Sektörünüzle ilgili Türkiye’deki ihracatın durumu nedir?

“Türkiye’de ihracat çok ciddi noktalara ulaştı. Şirketler artık bilinçli ihracat yapıyorlar. Bunu da ihracatla ilgili bütün kalemleri kullanarak, bünyelerine kaliteli elemanlar alarak, prosedürleri ve devletin vermiş olduğu teşvikleri takip ederek gerçekleştiriyorlar. Eskiden körü körüne yapılan ihracat yerine düzenli ve araştırılarak ihracat yapılıyor. İhracatta devletin de payı büyük. Gerek teşvikler gerekse eğitimler ve bunların yanında da ihracat üzerine okullarda bölümler açılıyor. İhracat hem devlet tarafından hem de şirketler tarafından teşvik ediliyor.

İhracatta yaşanan problemler hakkında bilgi verir misiniz?

“Öyle gözle görülür çok büyük sorunlarımız yok. Ama örnek vermek gerekirse biz özellikle yurtdışında senede 30 civarı fuara katılıyoruz. Ve bu fuarlara devlet desteği ile katılıyoruz fakat bu destek son senelerde azalma gösteriyor. 2004 yılında devlet fuar yeri kira bedelinin %100 ünü öderken bu miktar 2005 yılında %65’e düştü. 2006 da ise %50’ye düşecek. Bu ciddi bir geri adım. Bu teşviklerin düşmesiyle ihracatla uğraşan firmaların fuarlara katılım oranı düşecektir.”
Yurtdışındaki büyük fuarları öncelikle Almanya’daki ISH fuarını değerlendirir misiniz?
ISH fuarı eskisi gibi rağbet görmüyor, gelen ziyaretçi eskisi gibi renkli değil. Almanya’ya sadece çevre ülkelerden insanlar ve tabii ki Almanlar geliyor. Biz ilk 2001 senesinde katılmıştık, o sene Arap Ülkelerinden, Rusya’dan ve Uzakdoğu’dan çok çeşitli bir ziyaretçi yelpazesi vardı. Fuar çok yoğun geçerdi. 2003’debu oran yarı yarıya düştü. Bu sene de oldukça sönük geçti. Bu belki de Almanların aldığı yaptırım kararlarından veya artık insanların Almanya yerine Türkiye’ye gelmesinden kaynaklanıyor. Biz Türkiye’deki fuarlara da katılıyoruz. Türkiye coğrafi konumu nedeniyle daha çok ziyaretçi çekiyor. Şirketler artık Almanya’ya gitme ihtiyacı duymuyorlar. Bu fuarın muadili olan İtalya fuarı ise ciddi anlamda kan kaybetti. Türkiye fuarının İtalya’nın yerini aldığını kesin söyleyebiliriz.”

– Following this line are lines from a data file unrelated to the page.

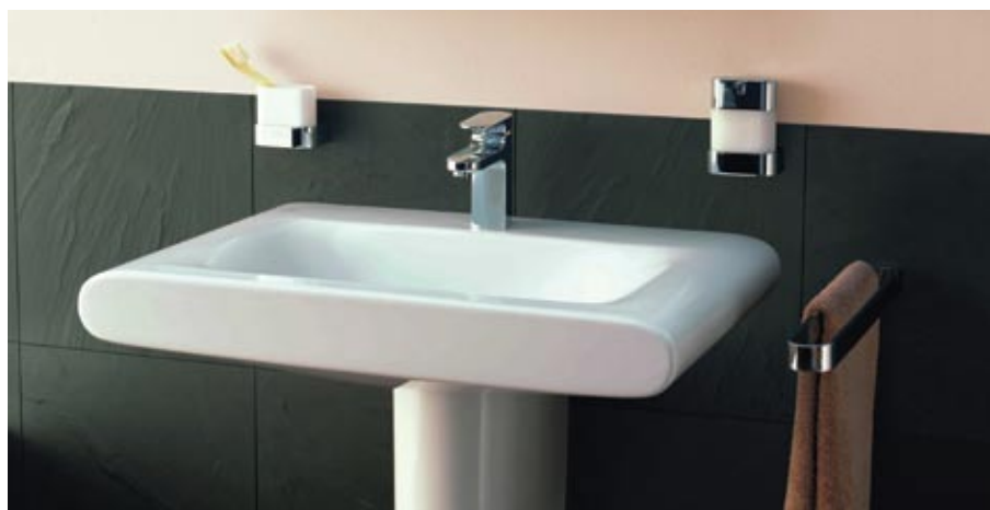
Ideal Standard kolekcija Moments
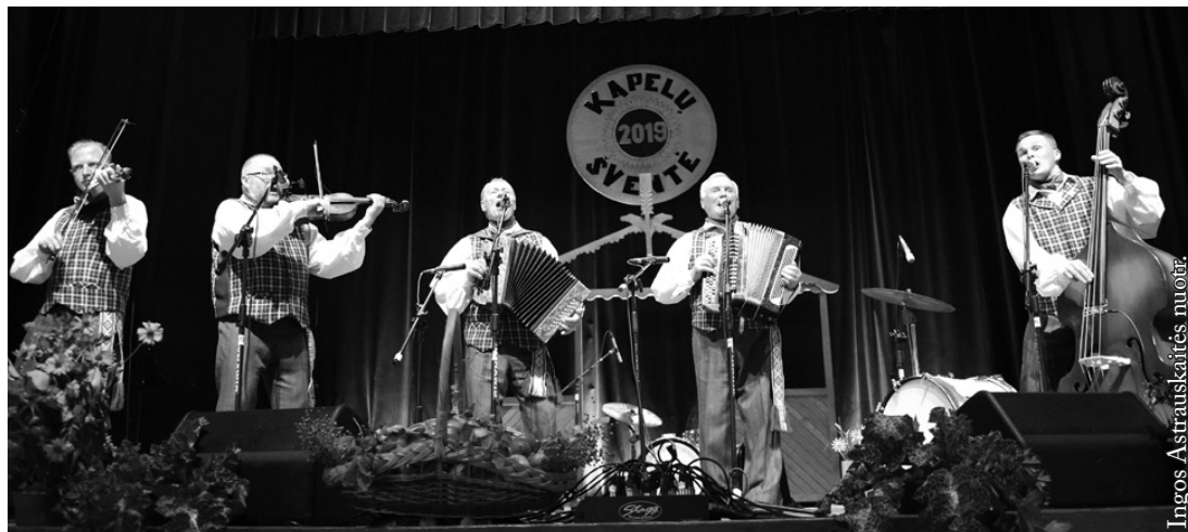
Alytaus rajono liaudiškos muzikos kapela „Pivašiūnai“

festivaliuose. Apdovanota padėkos raštais, atminimo dovanėlėmis, skynė ir didžiųjų laurų. Vienas įsimintiniausių – gyvas kalakutas, kuris svėrė per 20 kg (laimėtas Marijampolės sav. Šunskuose). Koncertavo užsienyje, taip pat ne vienus metus pasirodo LRT televizijos laidose „Gero ūpo“ ir „Duokim garo“. Dainos skamba ir radijo „Pūkas“ bangomis.
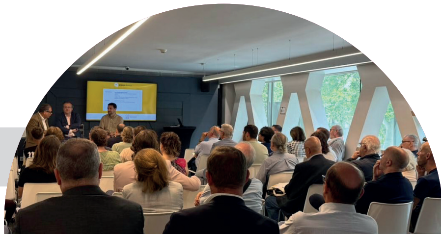
Presentación de la Guía IRPF para la oficina de farmacia - Barcelona (mayo)

Por segundo año consecutivo, Arquia ha presentado la "Guía IRPF para la oficina de farmacia" editada por el banco y elaborada por el prestigioso despacho TAXFARMA. Esta guía tiene un doble objetivo: actualizar la información de la que dispone el farmacéutico sobre la legislación aplicable en su próxima Declaración del IRPF, e informar al farmacéutico sobre todas las novedades que van aconteciendo en este ámbito, con un estilo claro y cercano.

Eklemek istediğiniz konu var mı?

“Son olarak daha önceden de bahsetmiş olduğum ürün ve servis kalitesine tekrar değinmek istiyorum. Servis kalitesi ihracatta çok önemli bir faktör.

Servis kalitesi insanın oluşturmuş olduğu bir değerdir. Yani ihracatta çalışanların çok büyük etkisi vardır. Zira asıl kaynak insandır. Dolayısı ile çalıştığınız ekibin aldığınız sonuçlarda çok büyük etkisi vardır. Bu ekipteki insanların kalitesi sizin kalitenizi ve servis kalitesini ortaya koyar. Bizim hem departman olarak hem de firma olarak birlikte çalıştığımız ekibimiz çok kaliteli ve profesyonel kişilerden oluşuyor. Kaliteli insan faktörü de elbette işlerimizi olumlu yönde etkiliyor.”